* _What you have to do_
Nothing but an exact copy is asked for: the lines in the material below from the one with "โรงพยาบาลวังน้ำเย็น และโรงพยาบาลเจ้าพระยาอภัยภูเบศร อีกด้วย" through the one with "我院李平教授通过民建北京市委", pictures excluded.
[Opening Dataset excerpts section]
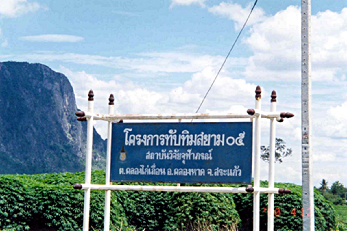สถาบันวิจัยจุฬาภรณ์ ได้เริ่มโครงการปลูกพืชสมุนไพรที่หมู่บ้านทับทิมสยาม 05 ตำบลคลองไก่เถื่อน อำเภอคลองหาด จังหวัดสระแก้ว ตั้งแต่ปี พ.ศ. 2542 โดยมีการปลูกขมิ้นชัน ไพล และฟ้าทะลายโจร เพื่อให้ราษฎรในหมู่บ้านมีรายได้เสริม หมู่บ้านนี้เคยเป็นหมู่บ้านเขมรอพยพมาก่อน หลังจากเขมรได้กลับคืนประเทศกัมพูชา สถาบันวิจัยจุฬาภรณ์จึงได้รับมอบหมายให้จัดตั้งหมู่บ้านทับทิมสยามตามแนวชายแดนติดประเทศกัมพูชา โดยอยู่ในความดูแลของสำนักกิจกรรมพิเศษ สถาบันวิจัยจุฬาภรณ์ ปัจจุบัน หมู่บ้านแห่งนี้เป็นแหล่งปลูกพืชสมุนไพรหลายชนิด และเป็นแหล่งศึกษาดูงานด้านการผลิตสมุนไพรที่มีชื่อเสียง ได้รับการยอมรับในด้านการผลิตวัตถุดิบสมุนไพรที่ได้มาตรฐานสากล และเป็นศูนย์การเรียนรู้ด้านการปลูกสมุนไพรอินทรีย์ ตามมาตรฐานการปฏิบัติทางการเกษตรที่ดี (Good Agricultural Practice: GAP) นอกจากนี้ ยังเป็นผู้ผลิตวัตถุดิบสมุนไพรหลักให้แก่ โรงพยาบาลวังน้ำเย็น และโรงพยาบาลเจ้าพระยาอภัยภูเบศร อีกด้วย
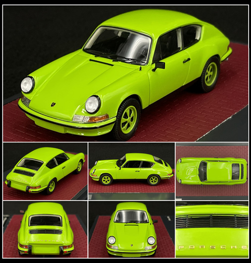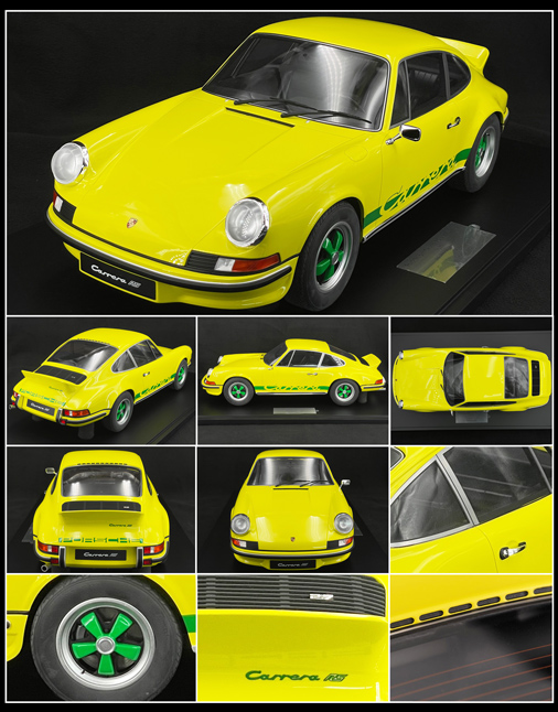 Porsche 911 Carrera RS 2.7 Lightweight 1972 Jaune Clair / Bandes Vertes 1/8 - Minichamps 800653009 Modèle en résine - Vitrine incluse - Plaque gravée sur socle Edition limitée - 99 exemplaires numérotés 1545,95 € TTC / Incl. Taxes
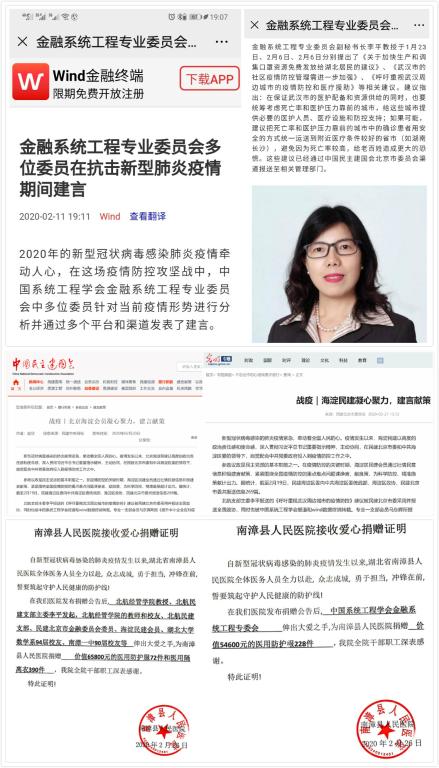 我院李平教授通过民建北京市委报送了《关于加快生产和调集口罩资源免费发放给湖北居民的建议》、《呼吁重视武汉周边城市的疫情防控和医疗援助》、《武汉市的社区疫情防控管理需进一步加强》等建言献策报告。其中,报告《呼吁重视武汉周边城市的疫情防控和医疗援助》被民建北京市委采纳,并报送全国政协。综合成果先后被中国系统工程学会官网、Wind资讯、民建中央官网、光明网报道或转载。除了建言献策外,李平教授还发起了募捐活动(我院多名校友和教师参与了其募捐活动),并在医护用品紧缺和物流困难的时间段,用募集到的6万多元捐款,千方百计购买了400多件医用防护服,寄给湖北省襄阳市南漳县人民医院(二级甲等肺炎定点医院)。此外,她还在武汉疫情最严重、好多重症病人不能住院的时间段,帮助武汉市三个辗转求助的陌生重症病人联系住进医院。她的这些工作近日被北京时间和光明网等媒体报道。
[Closing Dataset excerpts section]
[Opening Dataset excerpts section]
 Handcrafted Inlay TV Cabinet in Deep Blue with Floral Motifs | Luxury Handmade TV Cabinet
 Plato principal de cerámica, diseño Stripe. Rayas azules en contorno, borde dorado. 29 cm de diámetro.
[Closing Dataset excerpts section]
[Opening Dataset excerpts section]
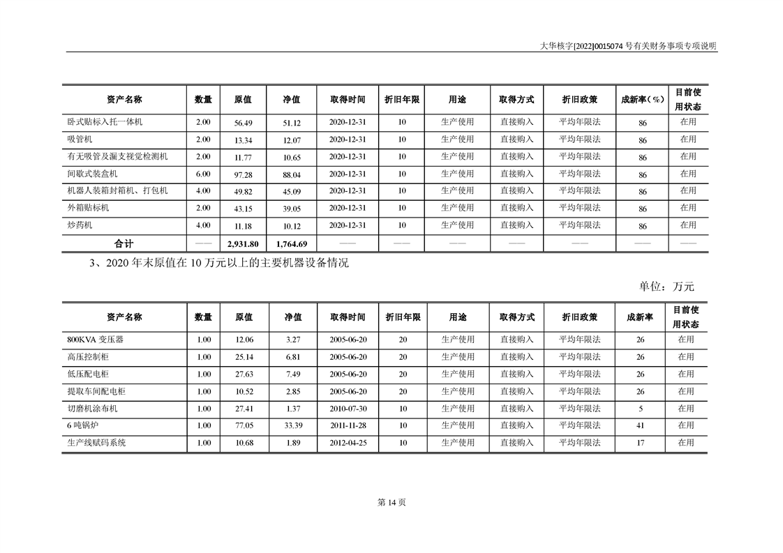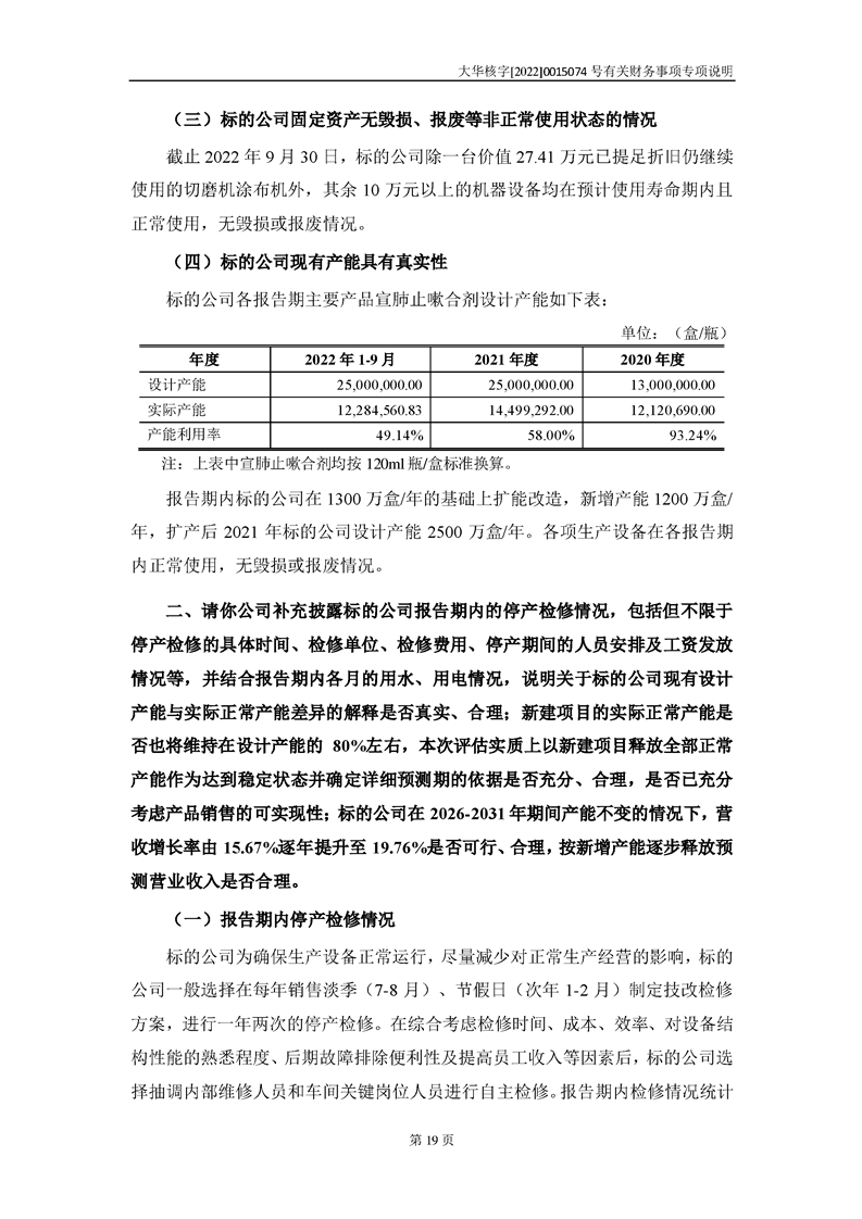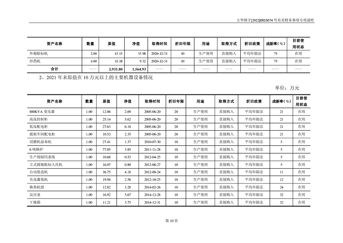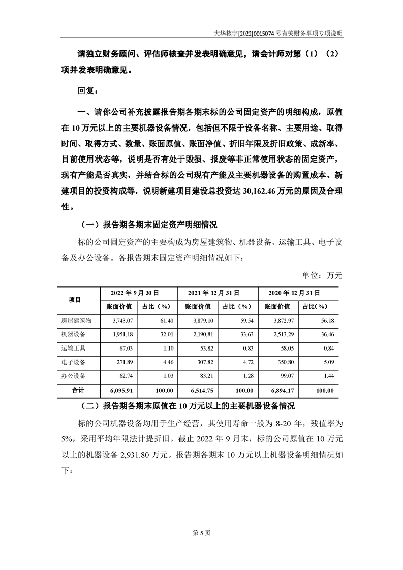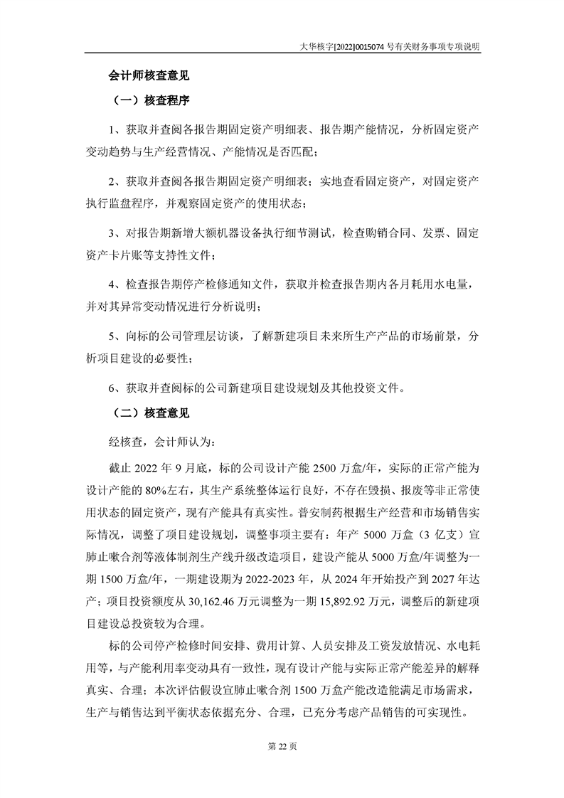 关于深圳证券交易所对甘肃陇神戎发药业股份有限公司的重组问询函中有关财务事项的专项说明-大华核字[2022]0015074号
[Closing Dataset excerpts section]
* _Written answer_
สถาบันวิจัยจุฬาภรณ์ ได้เริ่มโครงการปลูกพืชสมุนไพรที่หมู่บ้านทับทิมสยาม 05 ตำบลคลองไก่เถื่อน อำเภอคลองหาด จังหวัดสระแก้ว ตั้งแต่ปี พ.ศ. 2542 โดยมีการปลูกขมิ้นชัน ไพล และฟ้าทะลายโจร เพื่อให้ราษฎรในหมู่บ้านมีรายได้เสริม หมู่บ้านนี้เคยเป็นหมู่บ้านเขมรอพยพมาก่อน หลังจากเขมรได้กลับคืนประเทศกัมพูชา สถาบันวิจัยจุฬาภรณ์จึงได้รับมอบหมายให้จัดตั้งหมู่บ้านทับทิมสยามตามแนวชายแดนติดประเทศกัมพูชา โดยอยู่ในความดูแลของสำนักกิจกรรมพิเศษ สถาบันวิจัยจุฬาภรณ์ ปัจจุบัน หมู่บ้านแห่งนี้เป็นแหล่งปลูกพืชสมุนไพรหลายชนิด และเป็นแหล่งศึกษาดูงานด้านการผลิตสมุนไพรที่มีชื่อเสียง ได้รับการยอมรับในด้านการผลิตวัตถุดิบสมุนไพรที่ได้มาตรฐานสากล และเป็นศูนย์การเรียนรู้ด้านการปลูกสมุนไพรอินทรีย์ ตามมาตรฐานการปฏิบัติทางการเกษตรที่ดี (Good Agricultural Practice: GAP) นอกจากนี้ ยังเป็นผู้ผลิตวัตถุดิบสมุนไพรหลักให้แก่ โรงพยาบาลวังน้ำเย็น และโรงพยาบาลเจ้าพระยาอภัยภูเบศร อีกด้วย
 Porsche 911 Carrera RS 2.7 Lightweight 1972 Jaune Clair / Bandes Vertes 1/8 - Minichamps 800653009 Modèle en résine - Vitrine incluse - Plaque gravée sur socle Edition limitée - 99 exemplaires numérotés 1545,95 € TTC / Incl. Taxes
 我院李平教授通过民建北京市委报送了《关于加快生产和调集口罩资源免费发放给湖北居民的建议》、《呼吁重视武汉周边城市的疫情防控和医疗援助》、《武汉市的社区疫情防控管理需进一步加强》等建言献策报告。其中,报告《呼吁重视武汉周边城市的疫情防控和医疗援助》被民建北京市委采纳,并报送全国政协。综合成果先后被中国系统工程学会官网、Wind资讯、民建中央官网、光明网报道或转载。除了建言献策外,李平教授还发起了募捐活动(我院多名校友和教师参与了其募捐活动),并在医护用品紧缺和物流困难的时间段,用募集到的6万多元捐款,千方百计购买了400多件医用防护服,寄给湖北省襄阳市南漳县人民医院(二级甲等肺炎定点医院)。此外,她还在武汉疫情最严重、好多重症病人不能住院的时间段,帮助武汉市三个辗转求助的陌生重症病人联系住进医院。她的这些工作近日被北京时间和光明网等媒体报道。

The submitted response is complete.